To avoid a multiplicity of actions;

To avoid the possibility that there might otherwise be contrary or inconsistent findings in two different actions on the same facts;

To allow the third party to defend the plaintiff's claim against the defendant;

To save costs; and

To enable the defendant to have the issue against the third party decided as soon as possible, in order that the plaintiff cannot enforce a judgment against him before the third party issue is determined.”

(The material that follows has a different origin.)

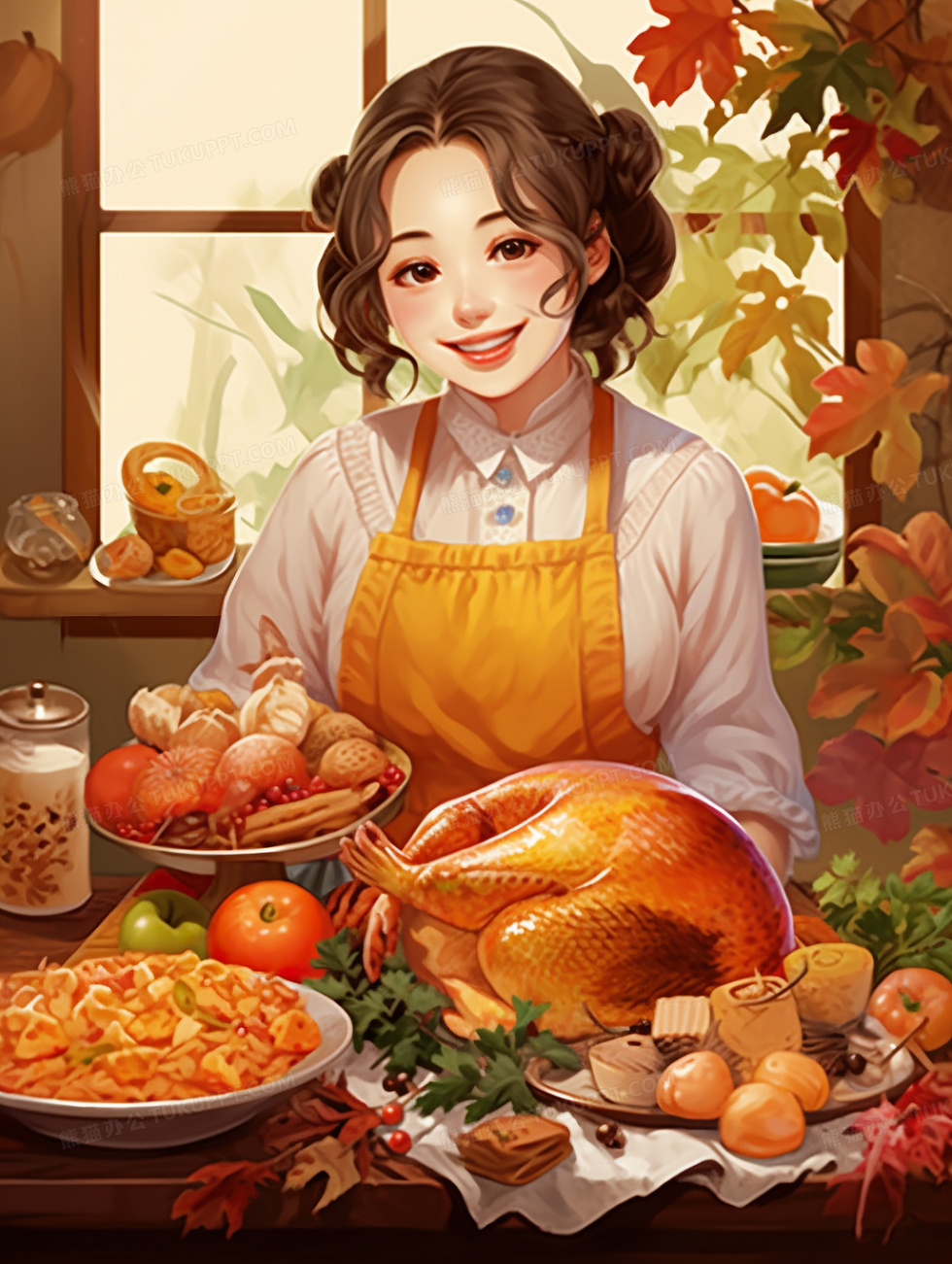 本作品内容为感恩节女孩烤鸡美食插画, 格式为 jpg, 大小5 MB, 图片尺寸为1760 x 2336, 源文件无水印, 欢迎使用熊猫办公。 如认为平台内容涉嫌侵权,可通过邮件:tousu@tukuppt.com提出书面通知,我们将及时处理。

From the foregoing, it would be in the interest of the Court and the parties to the suit, therefore, to achieve the overriding objective as set out in Section 1B of the Civil Procedure Act and Article 159 (2) (d) of the Constitution to achieve justice in an expeditious, proportionate and affordable resolution of disputes. Read together with Order 1 Rule 15 of the Civil Procedure Rules, the Court has the discretion to make such orders a may be necessary for the enforcement of the overriding objective, pursuant to the provisions of Section 1B and Article 159 (2) (d) aforesaid. However, the power of the Court to grant such orders should not be used whimsically or capriciously or to the detriment of either or all parties to a suit. The applicant in its application, either willfully or negligently, or otherwise, did not bring up the issue of the Ruling delivered by Khaminwa, J on 28th July, 2008. In that Ruling, the learned Judge in rendering her decision reiterated that:

“It is not disputed that a corporation is an independent legal body separate from its shareholders or members. It cannot therefore be compelled to undertake projects made before its incorporation…[T]herefore, my orders in respect to the application dated 22/3/2006, I allow the application and strike out the name of the second defendant from the suit.”

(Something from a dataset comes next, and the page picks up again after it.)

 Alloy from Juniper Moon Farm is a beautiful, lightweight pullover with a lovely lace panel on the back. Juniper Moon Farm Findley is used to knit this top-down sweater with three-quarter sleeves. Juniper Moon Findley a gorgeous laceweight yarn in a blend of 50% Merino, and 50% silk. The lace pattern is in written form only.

The learned judge in her Ruling, from which no appeal has been proffered, determined that the issues between the Plaintiff and Defendant had no nexus on the intended Third Party and it was therefore, struck out from the suit as 2nd Defendant. The issues raised by the Applicant as between itself and as between itself and the Plaintiff, are not, according to Order 1 Rule 15 (c), substantially the same issue which would then be properly dispensed with if the intended Third Party is enjoined in the suit. Furthermore, this application has been made over seven (7) years after the close of pleadings, whilst Order 1 Rule 15 provides for a period of fourteen (14) days only. This inordinate delay has not been explained. At paragraph 15 of the Affidavit in support of the Application, the deponent admits that the delay was caused by an oversight to instruct counsel. That does not however, in my view, give sufficient reason and explanation as to the extensive delay. In Kaptian v Hardy (supra) the learned judge referred to the decision in Lister et al. v. Calgary (City) et al. (1997), 193 A.R. 218; 47 Alta. L.R.(3d) 14 (C.A.), where the court denied a four and a half year extension to add a third party because the defendant presented no evidence justifying the delay. The court held inter alia:

“Where a party seeks a significant time extension, it is expected to give evidence to explain the delay, i.e., why prompt compliance did not occur. Maybe it would be different if the extension sought was slight, but here the delay was over four and a half years. Evidence must be proper admissible evidence, not mere allegations by counsel.”

The upshot of the aforegoing is that the Applicant has not established and satisfied the Court that its application has merit.  In any event the delay in filing the same is manifestly inordinate and no satisfactory explanation whatsoever has been proffered.  Further, I find that the application is res judicata as per Khaminwa J’s Ruling of 28th July, 2008. The application is therefore dismissed with costs to the intended Third Party.

DATED and delivered at Nairobi this 15th day of July, 2013.